__Dataset section__
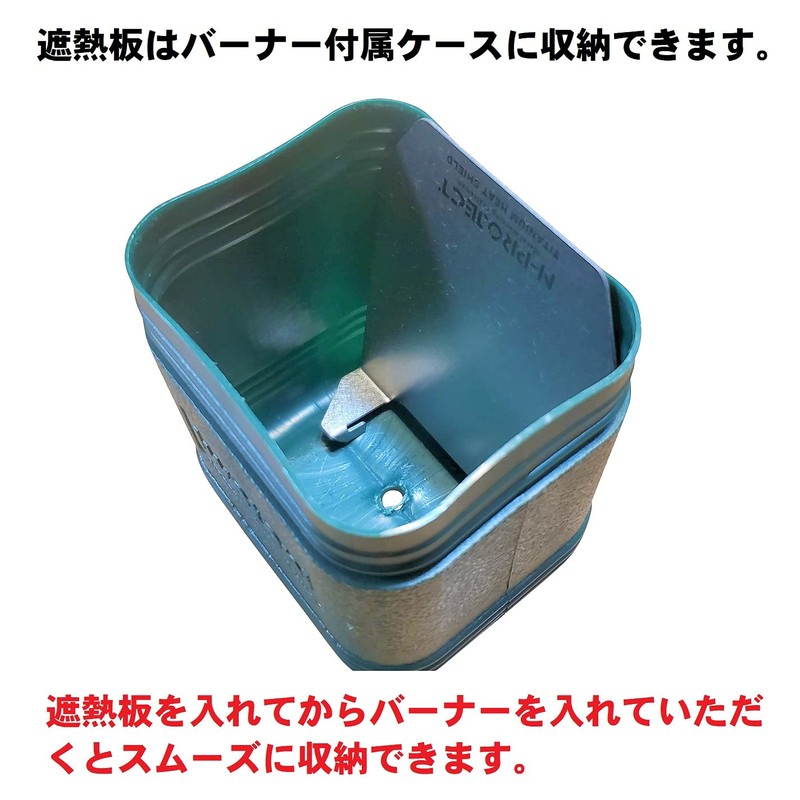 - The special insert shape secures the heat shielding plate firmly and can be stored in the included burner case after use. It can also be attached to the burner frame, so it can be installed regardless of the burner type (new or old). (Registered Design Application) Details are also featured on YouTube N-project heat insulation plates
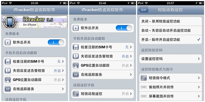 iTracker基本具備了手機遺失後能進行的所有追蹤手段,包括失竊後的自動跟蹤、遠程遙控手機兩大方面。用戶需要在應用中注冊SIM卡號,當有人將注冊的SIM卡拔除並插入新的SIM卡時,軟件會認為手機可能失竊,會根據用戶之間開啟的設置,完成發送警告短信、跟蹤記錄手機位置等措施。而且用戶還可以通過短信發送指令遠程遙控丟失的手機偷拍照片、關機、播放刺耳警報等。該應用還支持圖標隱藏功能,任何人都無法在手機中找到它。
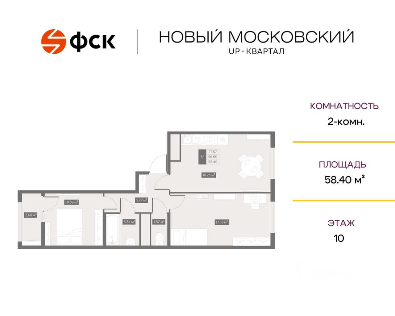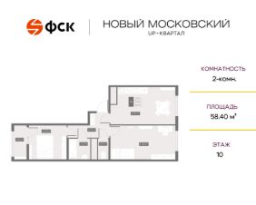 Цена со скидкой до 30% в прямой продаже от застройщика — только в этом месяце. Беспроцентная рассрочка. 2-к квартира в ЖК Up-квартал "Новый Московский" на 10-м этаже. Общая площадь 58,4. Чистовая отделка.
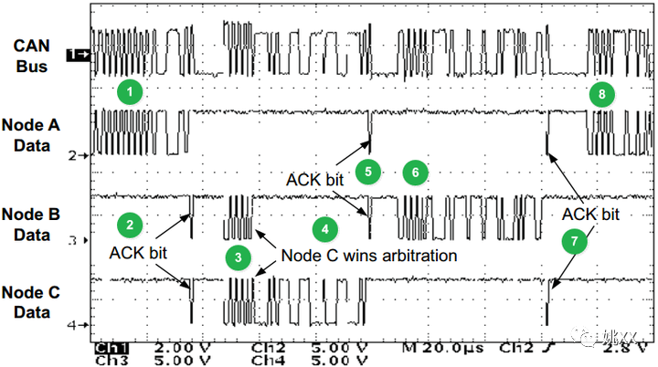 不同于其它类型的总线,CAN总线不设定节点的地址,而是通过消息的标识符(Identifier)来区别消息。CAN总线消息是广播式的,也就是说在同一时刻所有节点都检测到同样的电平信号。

__The problem__
Print exactly, and only, the lines from the line containing "iTracker基本具備了手" to the last line of the material above, with every picture left out.

__Response below__
 iTracker基本具備了手機遺失後能進行的所有追蹤手段,包括失竊後的自動跟蹤、遠程遙控手機兩大方面。用戶需要在應用中注冊SIM卡號,當有人將注冊的SIM卡拔除並插入新的SIM卡時,軟件會認為手機可能失竊,會根據用戶之間開啟的設置,完成發送警告短信、跟蹤記錄手機位置等措施。而且用戶還可以通過短信發送指令遠程遙控丟失的手機偷拍照片、關機、播放刺耳警報等。該應用還支持圖標隱藏功能,任何人都無法在手機中找到它。
 Цена со скидкой до 30% в прямой продаже от застройщика — только в этом месяце. Беспроцентная рассрочка. 2-к квартира в ЖК Up-квартал "Новый Московский" на 10-м этаже. Общая площадь 58,4. Чистовая отделка.
 不同于其它类型的总线,CAN总线不设定节点的地址,而是通过消息的标识符(Identifier)来区别消息。CAN总线消息是广播式的,也就是说在同一时刻所有节点都检测到同样的电平信号。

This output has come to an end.